■ **Task to complete**: Set down the full data below exactly as given, please.

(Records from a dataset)
+ + + +
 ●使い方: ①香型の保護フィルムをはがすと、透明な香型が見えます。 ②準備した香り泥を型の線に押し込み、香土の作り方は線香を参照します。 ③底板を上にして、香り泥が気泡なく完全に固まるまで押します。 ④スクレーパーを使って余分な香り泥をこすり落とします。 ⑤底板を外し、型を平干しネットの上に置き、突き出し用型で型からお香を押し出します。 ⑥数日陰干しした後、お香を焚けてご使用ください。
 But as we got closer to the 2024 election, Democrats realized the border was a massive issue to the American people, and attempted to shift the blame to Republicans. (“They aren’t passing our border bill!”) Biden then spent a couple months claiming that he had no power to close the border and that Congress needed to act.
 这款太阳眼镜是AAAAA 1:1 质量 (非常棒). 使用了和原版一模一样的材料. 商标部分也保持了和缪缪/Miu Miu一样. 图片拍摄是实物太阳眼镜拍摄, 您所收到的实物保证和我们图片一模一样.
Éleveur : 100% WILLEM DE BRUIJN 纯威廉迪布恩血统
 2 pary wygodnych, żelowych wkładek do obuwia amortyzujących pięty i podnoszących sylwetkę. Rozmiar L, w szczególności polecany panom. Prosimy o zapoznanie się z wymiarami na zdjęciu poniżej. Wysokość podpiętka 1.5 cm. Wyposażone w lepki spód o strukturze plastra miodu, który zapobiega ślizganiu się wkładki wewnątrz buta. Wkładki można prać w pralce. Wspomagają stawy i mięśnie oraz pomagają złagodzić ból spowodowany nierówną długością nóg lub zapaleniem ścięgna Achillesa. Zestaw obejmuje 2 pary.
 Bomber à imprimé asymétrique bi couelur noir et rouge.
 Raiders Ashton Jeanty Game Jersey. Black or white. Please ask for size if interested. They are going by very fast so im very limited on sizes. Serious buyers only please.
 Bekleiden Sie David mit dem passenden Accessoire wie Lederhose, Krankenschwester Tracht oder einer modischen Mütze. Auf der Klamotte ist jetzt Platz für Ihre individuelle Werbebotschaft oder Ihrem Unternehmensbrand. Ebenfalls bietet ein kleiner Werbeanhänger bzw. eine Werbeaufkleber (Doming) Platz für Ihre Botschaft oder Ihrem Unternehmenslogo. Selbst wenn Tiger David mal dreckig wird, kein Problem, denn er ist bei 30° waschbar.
+ + + +
■ **Response area**:
 ●使い方: ①香型の保護フィルムをはがすと、透明な香型が見えます。 ②準備した香り泥を型の線に押し込み、香土の作り方は線香を参照します。 ③底板を上にして、香り泥が気泡なく完全に固まるまで押します。 ④スクレーパーを使って余分な香り泥をこすり落とします。 ⑤底板を外し、型を平干しネットの上に置き、突き出し用型で型からお香を押し出します。 ⑥数日陰干しした後、お香を焚けてご使用ください。
 But as we got closer to the 2024 election, Democrats realized the border was a massive issue to the American people, and attempted to shift the blame to Republicans. (“They aren’t passing our border bill!”) Biden then spent a couple months claiming that he had no power to close the border and that Congress needed to act.
 这款太阳眼镜是AAAAA 1:1 质量 (非常棒). 使用了和原版一模一样的材料. 商标部分也保持了和缪缪/Miu Miu一样. 图片拍摄是实物太阳眼镜拍摄, 您所收到的实物保证和我们图片一模一样.
Éleveur : 100% WILLEM DE BRUIJN 纯威廉迪布恩血统
 2 pary wygodnych, żelowych wkładek do obuwia amortyzujących pięty i podnoszących sylwetkę. Rozmiar L, w szczególności polecany panom. Prosimy o zapoznanie się z wymiarami na zdjęciu poniżej. Wysokość podpiętka 1.5 cm. Wyposażone w lepki spód o strukturze plastra miodu, który zapobiega ślizganiu się wkładki wewnątrz buta. Wkładki można prać w pralce. Wspomagają stawy i mięśnie oraz pomagają złagodzić ból spowodowany nierówną długością nóg lub zapaleniem ścięgna Achillesa. Zestaw obejmuje 2 pary.
 Bomber à imprimé asymétrique bi couelur noir et rouge.
 Raiders Ashton Jeanty Game Jersey. Black or white. Please ask for size if interested. They are going by very fast so im very limited on sizes. Serious buyers only please.
 Bekleiden Sie David mit dem passenden Accessoire wie Lederhose, Krankenschwester Tracht oder einer modischen Mütze. Auf der Klamotte ist jetzt Platz für Ihre individuelle Werbebotschaft oder Ihrem Unternehmensbrand. Ebenfalls bietet ein kleiner Werbeanhänger bzw. eine Werbeaufkleber (Doming) Platz für Ihre Botschaft oder Ihrem Unternehmenslogo. Selbst wenn Tiger David mal dreckig wird, kein Problem, denn er ist bei 30° waschbar.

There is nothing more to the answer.